** GIVEN ENTRIES follows **
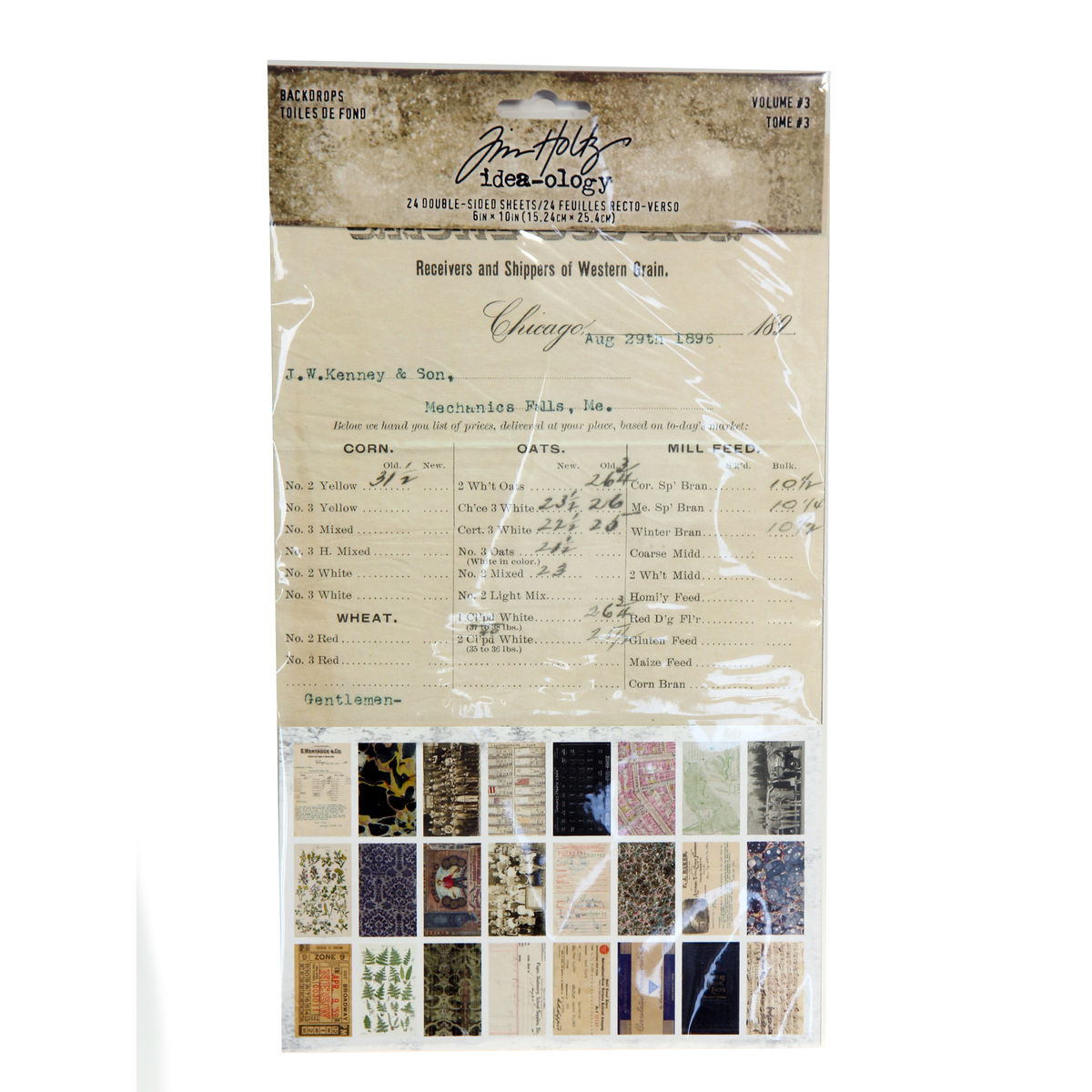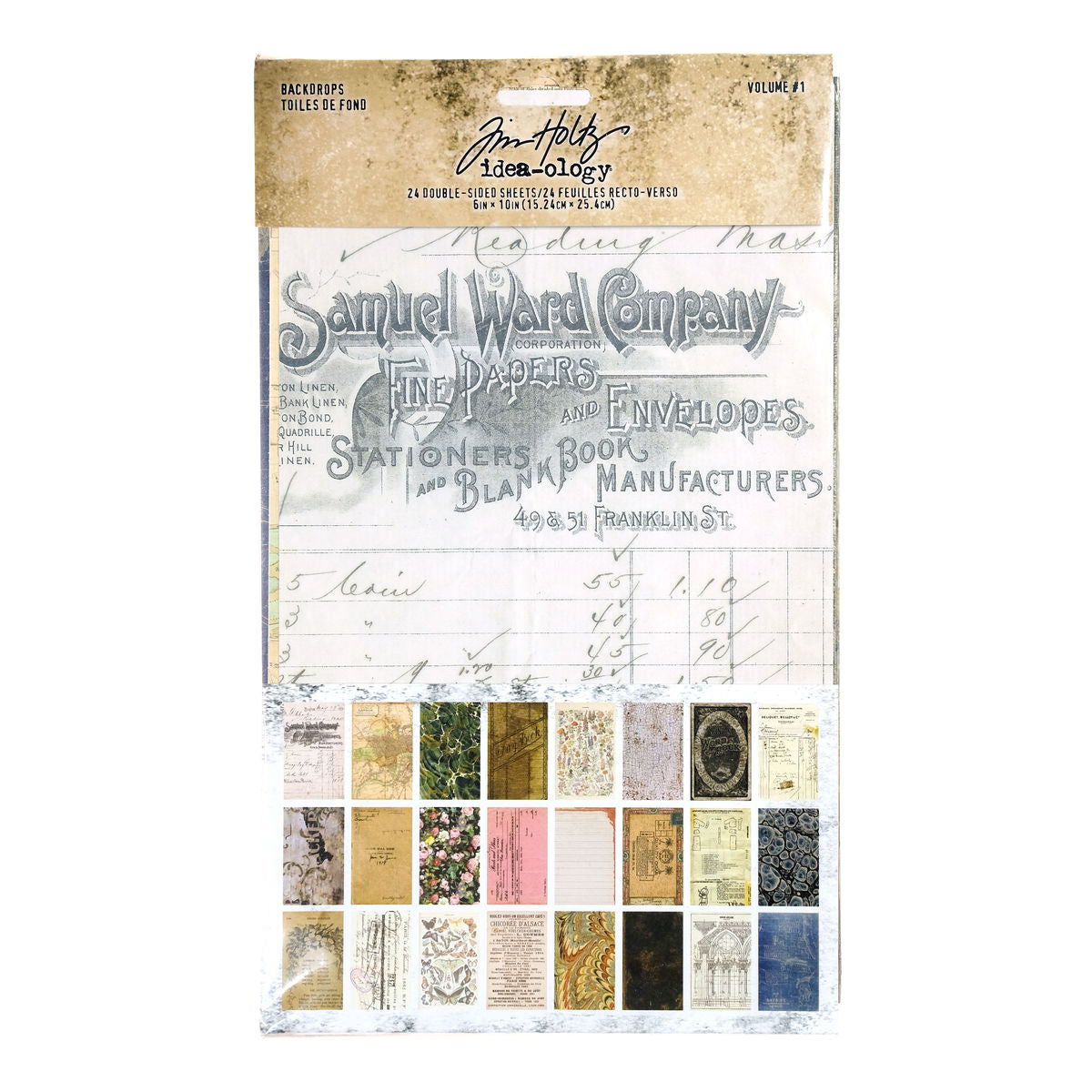 Paperie encompasses various paper packs, ephemera packs, label stickers, word stickers wallpaper scraps and other unique embellishments to add to your creative projects. Paper Dolls Solos and Paper Dolls Groups are clipped vintage portraits great for paper craft projects. Alpha Tiles, Type Chips, and Stencil Chips offer individual chipboard letters or numbers. Journal Cards contain 100 cards (25 each of 4 different sizes) for recording ideas or reflections. Layers are a curated selection of salvaged elements for mixed media. Remnant Rubs are pressure sensitive transfers that can be applied to various surfaces. Back Drops are a collection of 24 double-sided 6 in. x 10 in. printed memorabilia papers capturing the nostalgic elements from the past. Collage Papers are rolls of thin, semi-transparent paper, great for collage.
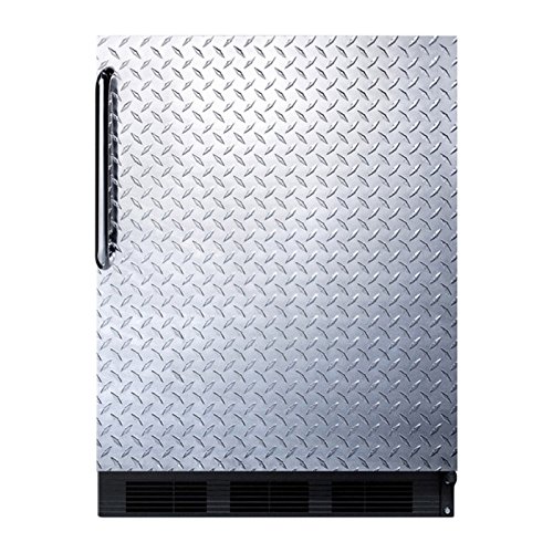 Sized with a 24" footprint, the FF63BDPL all-refrigerator is designed for freestanding use. It has a black cabinet with unique diamond plate textured door in aluminum. A curved towel bar in brushed stainless steel handle completes the industrial look.
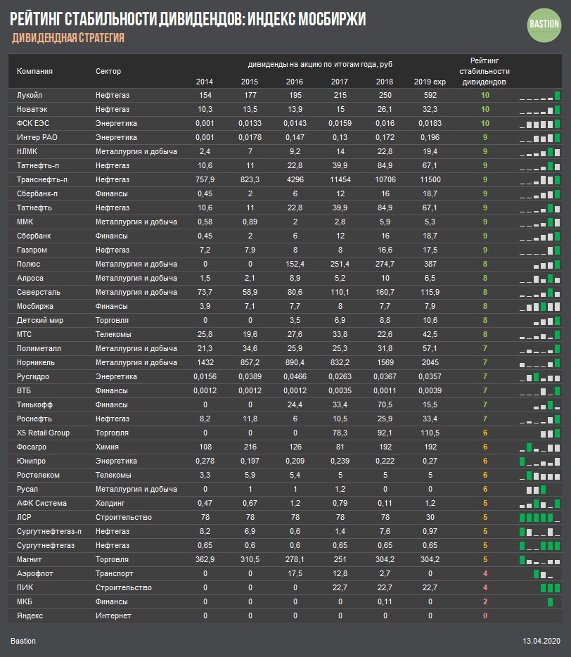 Сумма стабильности выплат и стабильности роста дает итоговый рейтинг, который является частью дивидендной стратегии. Сейчас в расчет включаются ожидаемые выплаты за 2019 год.
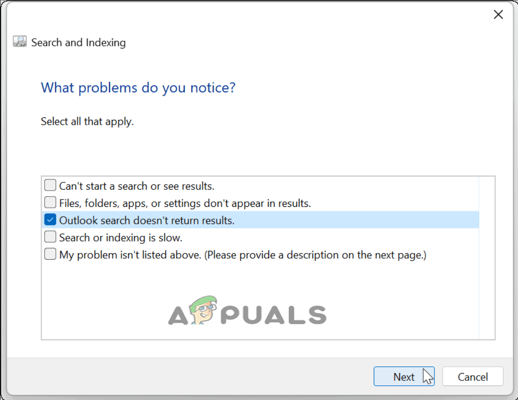 Choose Outlook search doesn’t return results option. - When you run the troubleshooter, it will recognize and fix the problems automatically.
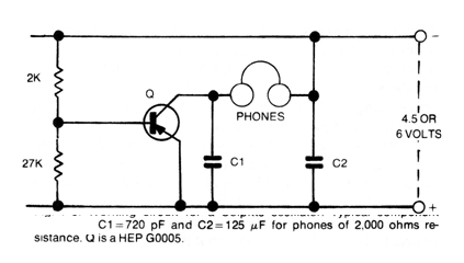 In this circuit of an American publication from the 1980s, the frequency of oscillations is determined by the capacitors and the inductance of the high impedance magnetic phone. Any general purpose PNP transistor can be used and depending on the transistor the supply voltage can range from 3 to 12 V.
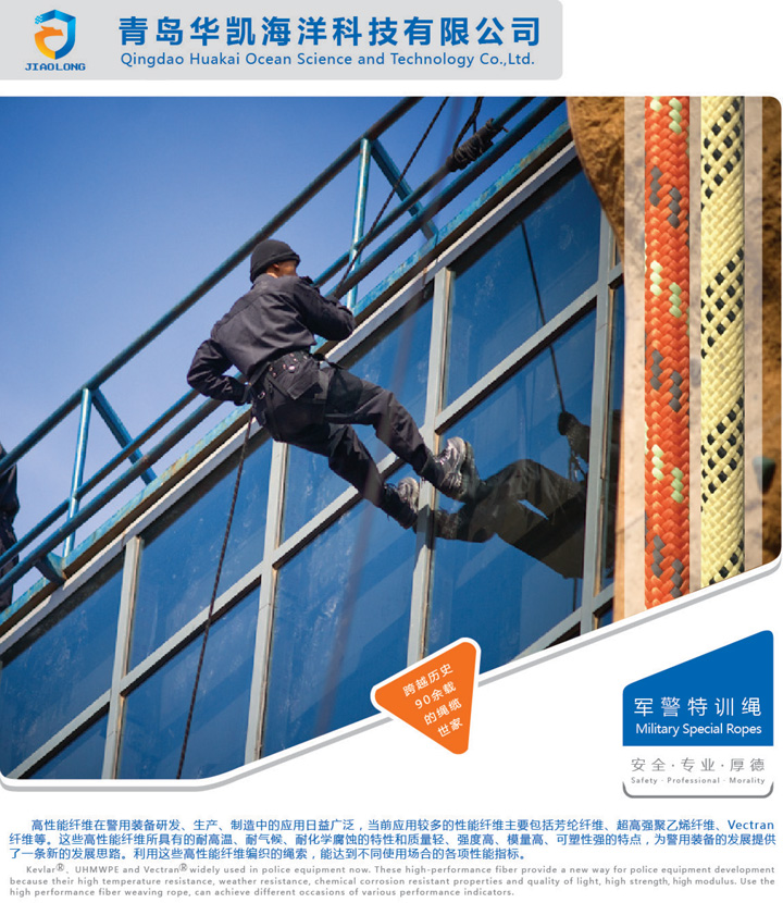 該繩纜采用先進(jìn)編織和后整理技術(shù)制造,質(zhì)地柔軟、便于操作、強(qiáng)度高、耐磨損、耐老化,適用于各種訓(xùn)練、實(shí)戰(zhàn)等復(fù)雜環(huán)境,具有速降、救援、牽拉等多種用途。
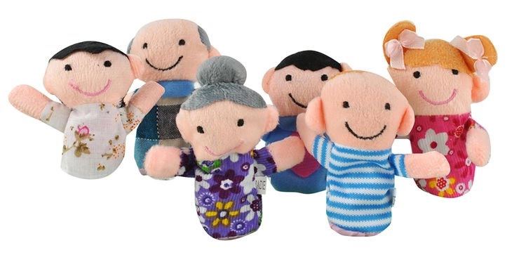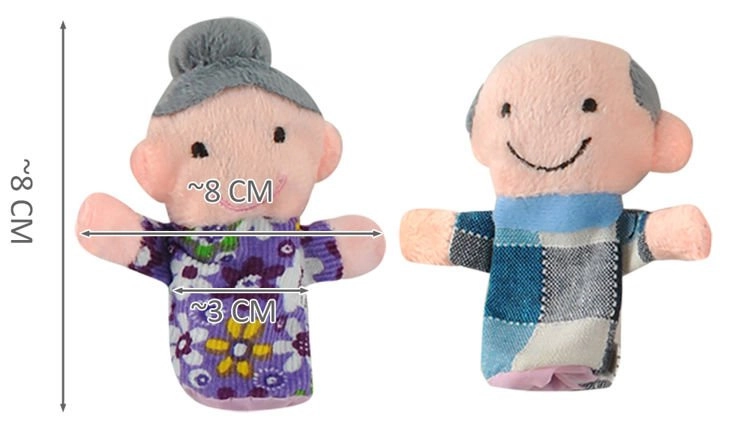 Šest lutk – mamica, oče, sin, hči, babica in dedek – omogoča razvijanje zgodbe, vlog ter sodelovanja med otroki.
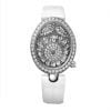 Với sự chăm sóc và độ chính xác thông thường của họ, các nhà chế tác đồng hồ của Breguet một biểu tượng của sự tinh tế nữ tính trong một chiếc đồng hồ trang sức đương đại. Vành bezel được thiết kế bằng vàng trắng với bộ mặt số bằng vàng trắng 21 carat được khắc bằng tay với 54 viên kim cương.
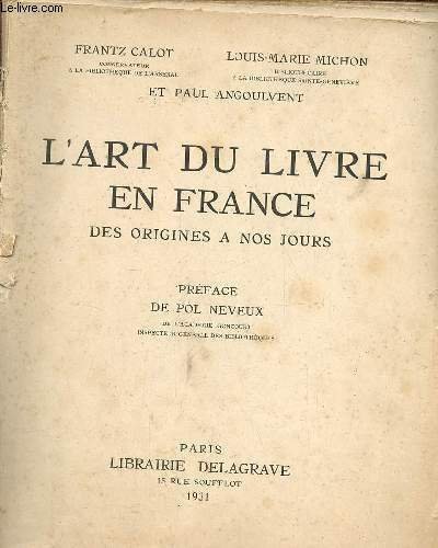 L'art du livre en France des origines à nos jours. | Libri antichi e moderni | Calot Frantz Michon Louis-Marie Angoulvent Paul
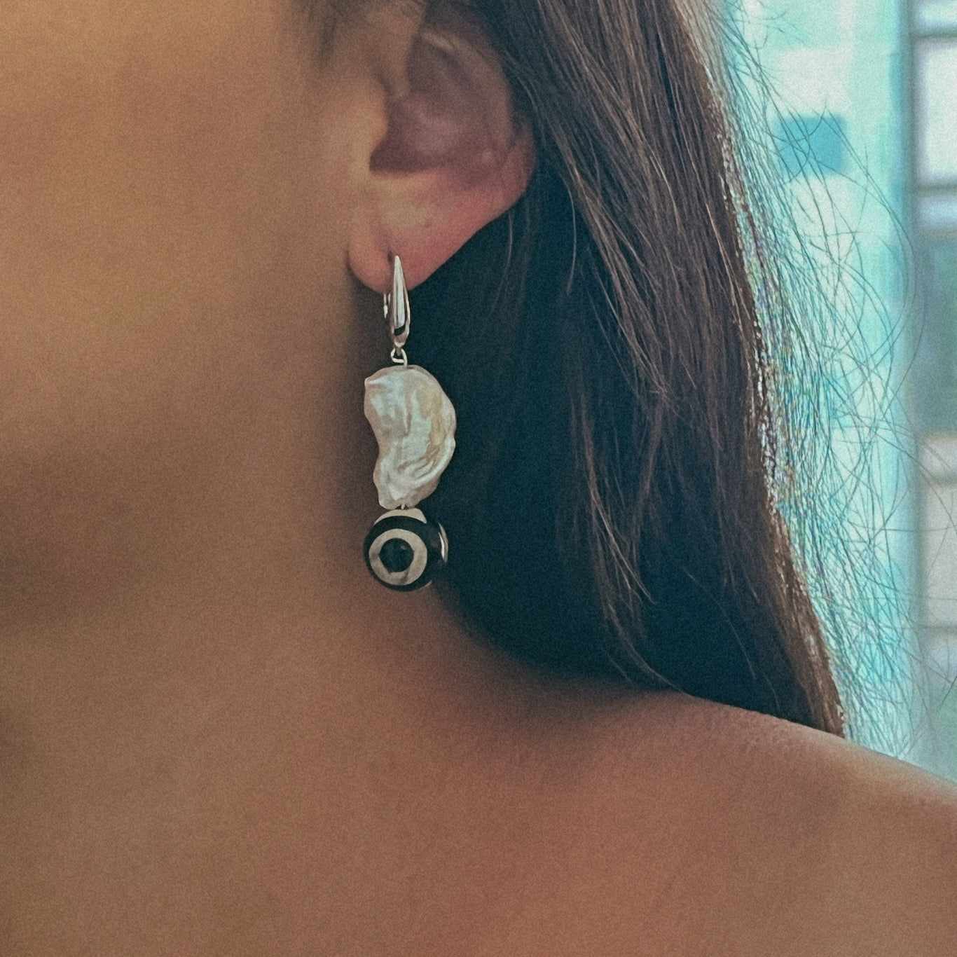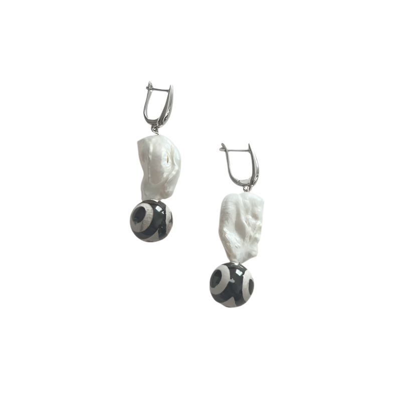 These playful dangling earrings feature two large Irregular shaped Keishi pearls, paired with a unique Agate painted graphic design bead at the bottom. Handmade with care and finished with silver clasp posts.
** End of GIVEN ENTRIES **
**YOUR GOAL**
Reproduce, without alteration and without pictures, only those lines that lie between the first line of the entries above and the line containing "Сумма стабильности выплат", both of them included.

**RESPONSE AREA**
 Paperie encompasses various paper packs, ephemera packs, label stickers, word stickers wallpaper scraps and other unique embellishments to add to your creative projects. Paper Dolls Solos and Paper Dolls Groups are clipped vintage portraits great for paper craft projects. Alpha Tiles, Type Chips, and Stencil Chips offer individual chipboard letters or numbers. Journal Cards contain 100 cards (25 each of 4 different sizes) for recording ideas or reflections. Layers are a curated selection of salvaged elements for mixed media. Remnant Rubs are pressure sensitive transfers that can be applied to various surfaces. Back Drops are a collection of 24 double-sided 6 in. x 10 in. printed memorabilia papers capturing the nostalgic elements from the past. Collage Papers are rolls of thin, semi-transparent paper, great for collage.
 Sized with a 24" footprint, the FF63BDPL all-refrigerator is designed for freestanding use. It has a black cabinet with unique diamond plate textured door in aluminum. A curved towel bar in brushed stainless steel handle completes the industrial look.
 Сумма стабильности выплат и стабильности роста дает итоговый рейтинг, который является частью дивидендной стратегии. Сейчас в расчет включаются ожидаемые выплаты за 2019 год.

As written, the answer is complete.